Deterministic predictions of safe mud weights
Stability criterion  Safe mud weight bound limits, MPa  Remarks  

Lower bound (tensile limit)  Upper bound (compressive limit)  
±4.0e−4  –  –  Total failure 
±6.0e−4  29.5  –  Total compressive failure 
±8.0e−4  28.0  –  Total compressive failure 
±1.0e−3  27.0  ≈ 35.0  Defined mud window 
±1.2e−3  26.0  35.5  Defined mud window 
Parallel comparisons between deterministic and stochastic predictions can hence be made following both outcomes. Using a stability criterion of ±1.0e−3, a mud window of 27.0–35.0 MPa is recommended through the deterministic method, whereas the stochastic predictions provide much broader margins even at high confidence levels (Table 7). At 95% level of certainty, the mud window is 21–41 MPa, which still accommodates more values of mud weight. This margin is further increased at lower levels of certainty and is shown to extend to as much as 9.3–52 MPa at 70% level of certainty (Table 7). In other words, the lower and upper limits are extended. Where lower stability criteria are adopted (≤ ±1.0e−3), results from deterministic estimates imply adverse conditions unsuitable for wellbore drilling and/or production.

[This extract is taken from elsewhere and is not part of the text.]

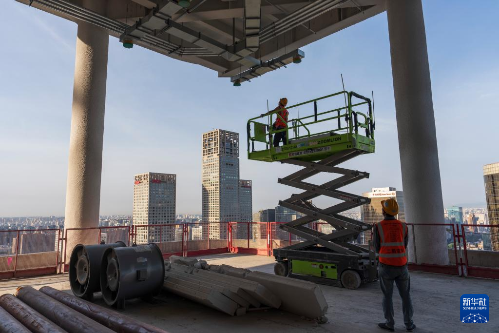 10月1日,在北京CBD核心区Z3项目上,中建二局安装工程有限公司机电安装工人在施工。
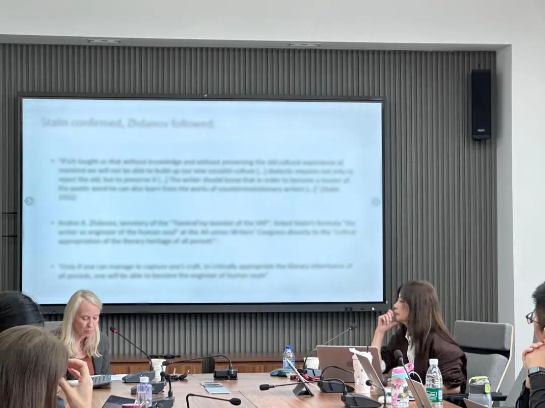 交流环节,主持人田洪敏教授评议指出,在“national literature”与“international  literature”之间,可以清晰地界定俄苏文化在1930年代对于“世界文学遗产”的整合观念。该研究为理解文学经典的形成、文化权力的运作以及“世界文学”概念的历史性提供了极具启发性的分析框架。现场博士生研究生杨健强、窦晓菲等则围绕《文学批评》期刊的真实角色、文化“适用”与“挪用”的理论区分、以及相关文学遗产在后苏联时代的命运等问题与主讲人展开了热烈讨论。

Deterministic evaluations of wellbore stability are therefore conservative as they estimate much smaller ranges of mud weights that can be safely applied during wellbore operations. The conservative approximations are prompted by various factors: firstly, the dependency of deterministic models on chosen characteristic models that are formulated to mimic rock behaviour. These models are intrinsically built on the premise of continuum theories and only able to account for discontinuities to a limited extent upon explicit modifications; for instance, a linear deterministic prognosis is underpinned by an assumption of a linear behaviour of the rock formation. Secondly, deterministic approaches presuppose utter homogeneity of the system and even where heterogeneity is considered it is simplified, structured and predefined. Thirdly, this approach precludes uncertainty. It assumes precise knowledge of the in situ conditions, rock properties and rock behaviour (Moos et al. 2003). It also ignores the inevitable occurrence of errors and lack of information because of incomplete data. Most natural systems are variable and subject to temporal and spatial changes. This is typically reflected in underground rock formations. The divergence of rock properties therein makes such systems prone to substantial levels of uncertainties. Under the deterministic approach there is a “head or tail” kind of distinction in the status of the wellbore. The system is either safe or unsafe, eliminating any potential for risks. The margin of safety is invariably reduced where risks are to be avoided.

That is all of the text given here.